The rape and murder of the 31-year-old postgraduate trainee at the state-run RG Kar Medical College and Hospital in Calcutta was a “state-sponsored crime” and “institutional murder”, doctors from Bengal said in Delhi on Monday.
The protesting doctors, along with their colleagues from beyond Bengal, held a media conference on Monday, hours after the Bengal government reached out to the junior doctors with a “final” invitation for a meeting at 5 pm at the residence of chief minister Mamata Banerjee.
The government outreach and the doctors’ media event came a day before the next hearing in the RG Kar case by the Supreme Court’s three-member bench led by Chief Justice of India D.Y. Chandrachud.
“This particular crime is a state-sponsored crime. It was an inevitable outcome of the health syndicate run by those close to the current ruling dispensation, the health and the police administration and the political patronage,” said Subarno Goswami, additional general secretary of All India Federation of Government Doctors’ Association and joint secretary of the Association of Health Services Doctors.
“You cannot justify this crime with any other incident. An on-duty lady doctor was raped and killed in her own hospital… All of these are connected… This is not a normal crime.”
The Kolkata Police and the hospital authorities have been accused of tampering with evidence in the case.
The CBI, which was handed over the probes into the rape and murder and the charges of corruption against the former principal of RG Kar Medical College and Hospital Sandip Ghosh, has arrested Ghosh in connection with both cases.
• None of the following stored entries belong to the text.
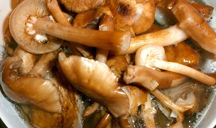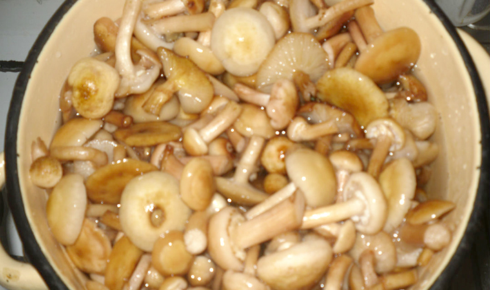 - Le miel de champignons nettoyer, rincer et faire bouillir dans l'eau pendant 25 minutes.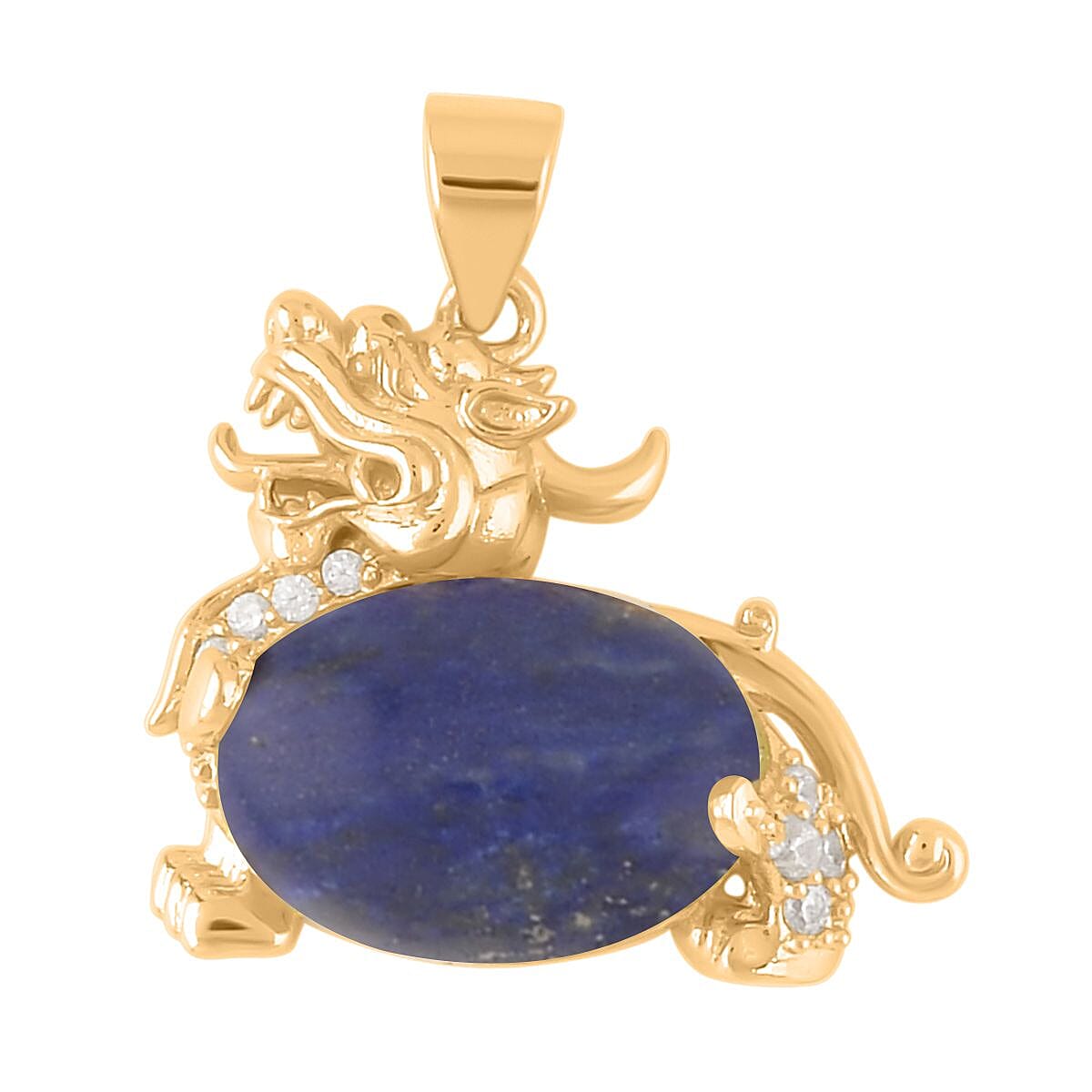 Lapis Lazuli and Simulated Diamond Pixiu Pendant in Goldtone 6.10 ctw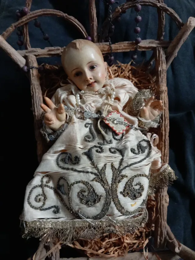 Detalles del productoPrecioso Niño Jesús con un ropaje muy antiguo. Una pieza delicada y llena de historia.

The CBI has also arrested Abhijit Mandal, the officer in-charge of Tala police station.
“The chief Minister went to the protest site. She addressed the people of Bengal but not those protesting at the site. There is a difference between talking to the doctors and talking with the doctors, the Bengal government needs to talk with the doctors,” said a member of the Resident Doctors’ Association, an all-India outfit.
The West Bengal Junior Doctors’ Front, which is spearheading the movement, has demanded impartial and speedy probe and trial into the rape-murder case, action against former principal Ghosh, the dismissal of the state health secretary, the director of medical education and the director of health services.
The doctors also want the resignation of Calcutta police commissioner Vineet Goyal as well as action against the deputy commissioners of police of north and central division along with an end to the “threat culture” prevailing in Bengal’s teaching hospitals.
“The police officer who was arrested by the CBI on Saturday, the chief minister on September 9 had on record asked why the private hospitals in Calcutta were not admitting him. The cover-up of the crime and corruption is being orchestrated from the highest level of the administration,” Goswami said.
The doctors said they also wanted to question the CBI how far its investigation into the rape and murder had progressed.